▶ _The task_
Could you repeat the listing below exactly while leaving its pictures behind?

▶ _Dataset content_
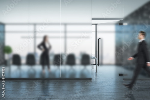 © Who is Danny, Obraz premium Businessman walking in conference interior hall with blurred glass wall.
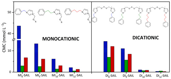 To highlight the comprehensiveness of the research on the synthesized compounds, a summary is provided (see Figure 4) that compares the CMC values of the series of imidazolium SAILs studied so far.
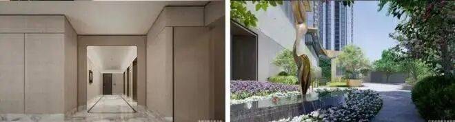 地下车库大堂:艺术灯光+石材肌理,酒店式尊贵感。

▶ _Answer to this task_
 © Who is Danny, Obraz premium Businessman walking in conference interior hall with blurred glass wall.
 To highlight the comprehensiveness of the research on the synthesized compounds, a summary is provided (see Figure 4) that compares the CMC values of the series of imidazolium SAILs studied so far.
 地下车库大堂:艺术灯光+石材肌理,酒店式尊贵感。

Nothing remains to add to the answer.